According to the Agriculture and Horticulture Development Board (AHDB), wholesale prices have risen by over 40% year-on-year, reaching more than £8.50 per kg. This price hike comes alongside a forecasted 1.4% decrease in UK lamb production this year.

In the past three months, UK demand for lamb has risen by 8%, bolstered by Easter and Eid celebrations where lamb is a traditional centrepiece. British supermarkets are also facing stiff competition from overseas buyers, particularly from France, which is contributing to the rising prices.

David Swales, head of economic analysis at the AHDB, noted the extraordinary market conditions, stating, “After 14 years at the agricultural body, I have never known a market like this.” Swales explained that the confluence of several factors has created a “perfect storm,” driving up prices.

Adverse cold and wet weather conditions have led to higher lamb mortality rates early in the season, and there are growing concerns about the Schmallenberg virus, which has been affecting sheep in the south of England, Wales, and the Midlands.

While the price of British lamb is soaring, New Zealand lamb has seen a price drop of about 20% year-on-year, now costing less than £3 per kg. This decrease is attributed to a glut of Australian lamb on global markets and reduced orders from China. Additionally, new trade deals have removed tariffs on a larger quantity of Australian and New Zealand lamb, allowing it to be sold more cheaply in the UK. However, imports have been disrupted by attacks on Red Sea cargo ships by Yemen-based militants, delaying shipments.

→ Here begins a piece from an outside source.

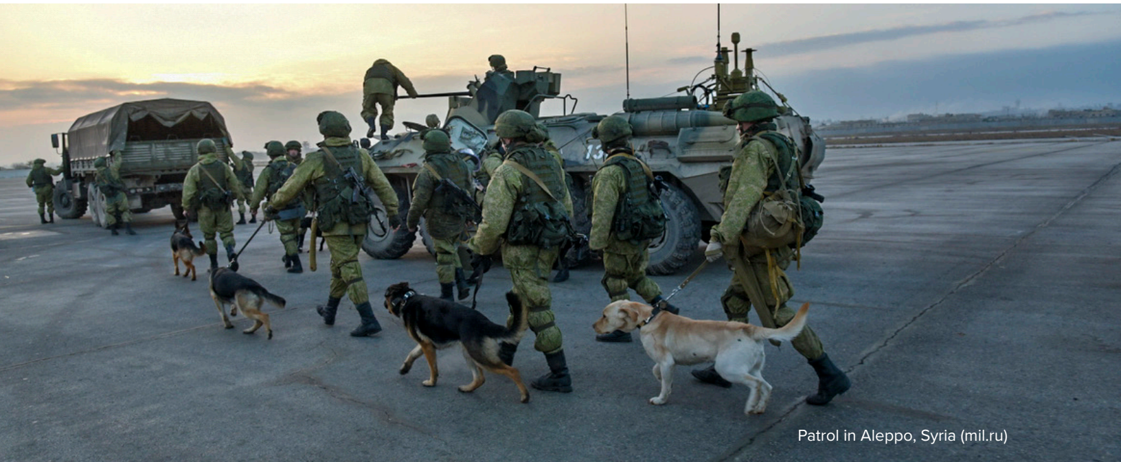
Patrol in Aleppo, Syria

Russia-Iran relations have been driven by overlapping and diverging interests, which have manifested in compartmentalized areas of cooperation ranging from the Syrian Civil War to contesting U.S. unilateral sanctions policy. The tendency to emphasize the tensions in Russia-Iran relations obscures the extent to which Russia and Iran have strengthened ties, overcoming historical mistrust and traditional geopolitical tensions. Russia's balancing act in the Middle East will seek to ensure that its relationship with Iran does not antagonize Tehran's chief geopolitical rivals, such as Israel, UAE, and Saudi Arabia. Although Moscow covets the diplomatic gains and prestige accrued from its role as a constructive regional arbitrator, Russia holds a vested interest in preventing any military action or externally imposed regime change against Iran. In Syria, Russia and Iran will be forced to integrate their plans for military reform under an umbrella structure based on regional and functional divisions.

The volatile market conditions have led Morrisons, the UK’s fifth-largest supermarket and a significant buyer of British lamb, to reconsider its sourcing strategy. Morrisons has announced a trial of New Zealand lamb in 39 stores, ending a seven-year commitment to selling 100% British lamb.

A Morrisons spokesperson explained, “The trial follows an extensive exercise listening to customers who were very clear that they want us to sell lamb at a more accessible price all year round. The blunt commercial reality is that New Zealand lamb is cheaper to source, and therefore cheaper to sell, than British lamb.”

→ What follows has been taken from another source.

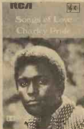
Songs Of Love - Charley Pride - MPK 170.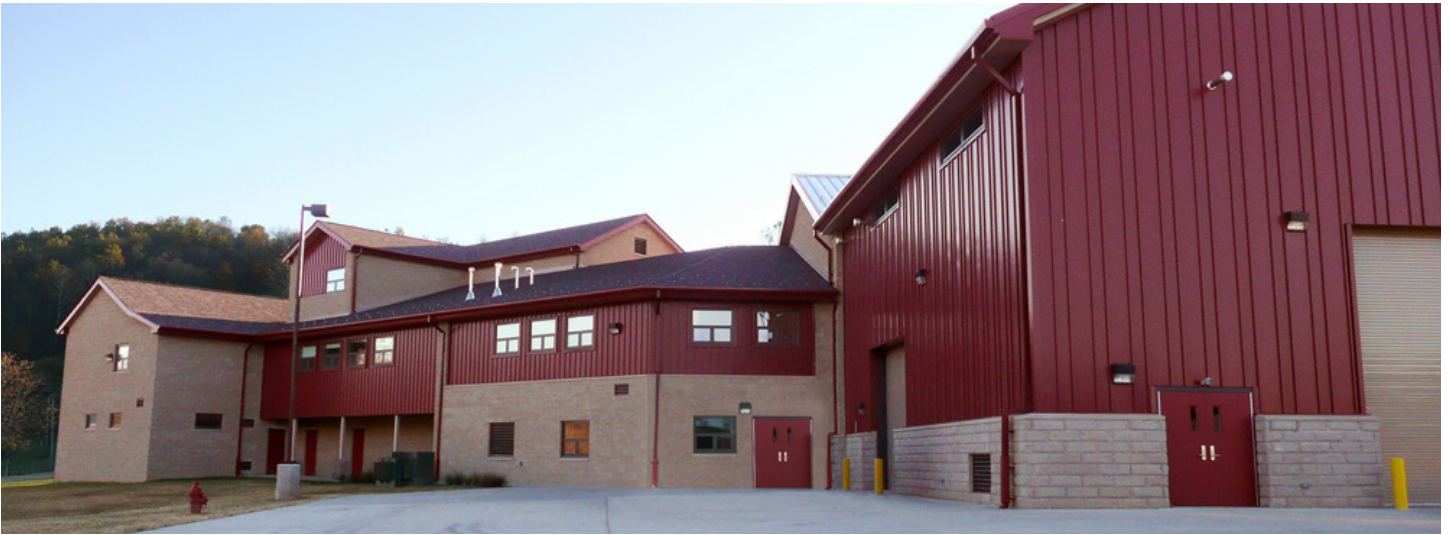
| continued State Fire Training Academy |

The second component, the 8,300 SF open bay training Arena, is an all-weather interior training facility. The scale of this structure, having a clear interior height greater than 30', allows the full extension of authentic fire training apparatus and vehicles for various types of hands-on programs. The large vehicle doors allow fire trucks and other props into the facility. A custom metal building skeleton with a board & batten metal skin was designed. The siding is representative of rural, vertical barn siding and serves as an integrating element throughout the large complex.

Despite the trial, Morrisons assured that it will continue to sell 100% British lamb at its butchers’ counters and clearly label New Zealand lamb in trial stores to allow customers to make informed choices. The supermarket also stated that this move does not signify a reduction in the overall volumes of lamb purchased from British farmers.

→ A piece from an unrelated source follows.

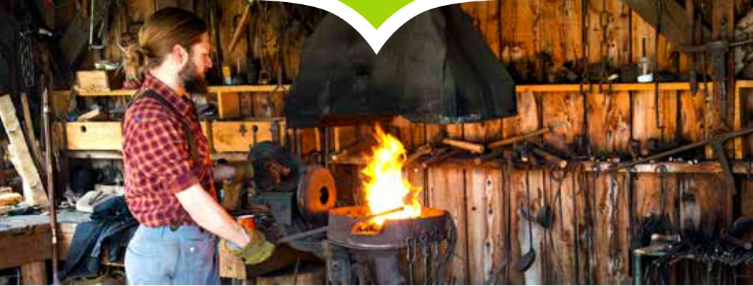
American West Heritage Center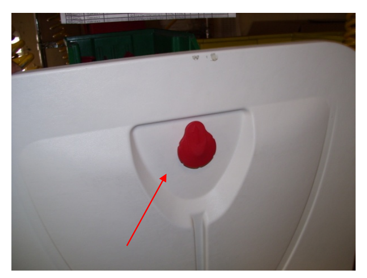
STEP 13. Orient the lid vertically as shown. Insert the shaft of the outer knob into the lid with the knob oriented as shown.

Other supermarkets, including Waitrose, Marks & Spencer, and the Co-op, have affirmed their commitments to 100% British lamb. However, industry experts suggest that they may face similar pressures to adapt their sourcing policies.

The National Farmers Union (NFU) expressed disappointment, with livestock board chair David Barton commenting, “It’s all the more disappointing that our own homegrown lamb is likely to be replaced by products from overseas with significant food miles and produced to potentially lower standards.”

Phil Stocker, chief executive of the National Sheep Association (NSA), criticized the timing of Morrisons’ announcement, which coincided with Rishi Sunak’s Farm to Fork Summit aimed at supporting UK agriculture. Stocker remarked, “This is a very poor decision, and something NSA warned could happen during the negotiations around the new trade deals agreed with Australia and New Zealand last year.”

As the market continues to navigate these challenging conditions, the future of British lamb production and its pricing remains uncertain, with both producers and retailers adapting to rapidly changing circumstances.